Um dies zu adressieren, setzt das Team von Sondors auf ein gemeinsames Dashboard für Marketing und Vertrieb. „Wir haben ein gemeinsames Dashboard, um die Kommunikation klar zu halten. So kann das Marketingteam sehen, welche Leads konvertieren, und gezielt seine Kampagnen anpassen, um den Vertrieb besser zu unterstützen. Es geht darum, gemeinsam auf ein einheitliches Ziel hinzuarbeiten.“

Pipeline-Überlastung

Eine überladene Pipeline ist eine Herausforderung, die auf den ersten Blick kontraintuitiv erscheinen mag. Das bedeutet, Ihr Team legt zu viel Wert auf Quantität statt auf Qualität und überlädt seine Pipeline mit Leads, die möglicherweise nicht gut zu der angebotenen Lösung des Unternehmens passen. 

So begegnen Sie einer überladenen Pipeline

Die Entwicklung und Standardisierung eines Lead-Qualifizierungsprozesses kann Vertriebsmitarbeitern helfen, sich mehr auf die Qualität ihrer Chancen als auf die Quantität zu konzentrieren.

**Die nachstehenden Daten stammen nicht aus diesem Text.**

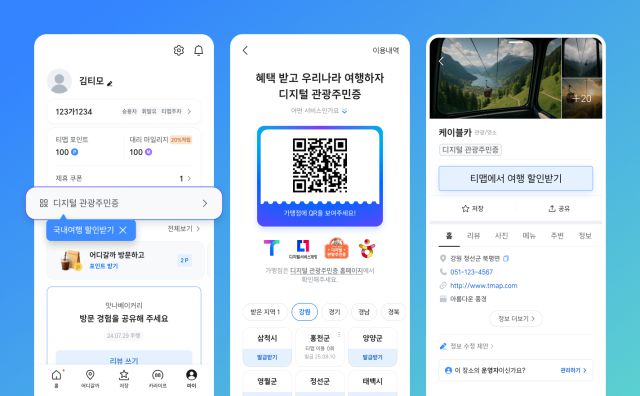 이번 서비스는 행정안전부의 ‘디지털서비스개방’ 정책에 따라 기존 공공 애플리케이션(앱)·웹에서만 가능했던 발급 과정을 민간 앱으로 확대한 것이다. 사용자는 티맵에서 디지털 관광주민증을 간편하게 이용할 수 있다. 이용자는 티맵 내 ‘마이’ 탭 중 ‘디지털 관광주민증’ 메뉴 또는 장소 상세화면을 통해 발급 및 사용이 가능하다. 티맵 사용자라면 QR코드가 즉시 발급되며, 해당 지역에 거주하지 않아도 가맹점을 방문해 제시하면 혜택을 받을 수 있다. 대표적으로 강원도 정선의 케이블카 요금 30% 할인, 충북 단양의 패러글라이딩 체험 프로그램 이용료 1~2만 원 할인, 전남 구례의 수목원 입장권 50% 할인 등 전국 가맹점에서 다양한 혜택을 누릴 수 있다.

Lewis empfiehlt, „KI-gestütztes Scoring einzusetzen, um die vielversprechendsten Leads zu priorisieren und weniger, besser qualifizierte Chancen an die Vertriebsmitarbeiter weiterzugeben.“

Stärken Sie Ihre Vertriebspipeline

Wie Perry betont: „Ein SaaS-Geschäftsmodell ist ein kontinuierliches Vertriebsmodell.“ Das bedeutet, dass die Vertriebspipeline nicht endet, wenn aus einem Lead ein Kunde geworden ist, sondern auch für Upselling und Verlängerungen fortgeführt wird. Deshalb ist die Pflege einer Pipeline entscheidend, um die Umsatzziele Ihres Unternehmens zu erreichen.

Eine Kombination aus gut geschulten Vertriebsmitarbeitern, umfassenden Tools, wettbewerbsfähigen SaaS-Preisen und standardisierten Prozessen kann Ihrem Team dabei helfen, eine starke und nachhaltige Vertriebspipeline aufzubauen und zu pflegen. Die Bewältigung von Herausforderungen (wie Lead-Verlusten, Pipeline-Überlastung und der mangelnden Abstimmung zwischen Vertrieb und Marketing) trägt dazu bei, eine robuste Pipeline mit minimalen Unterbrechungen aufrechtzuerhalten – und verhilft Ihrem SaaS-Startup zu nachhaltigem Wachstum.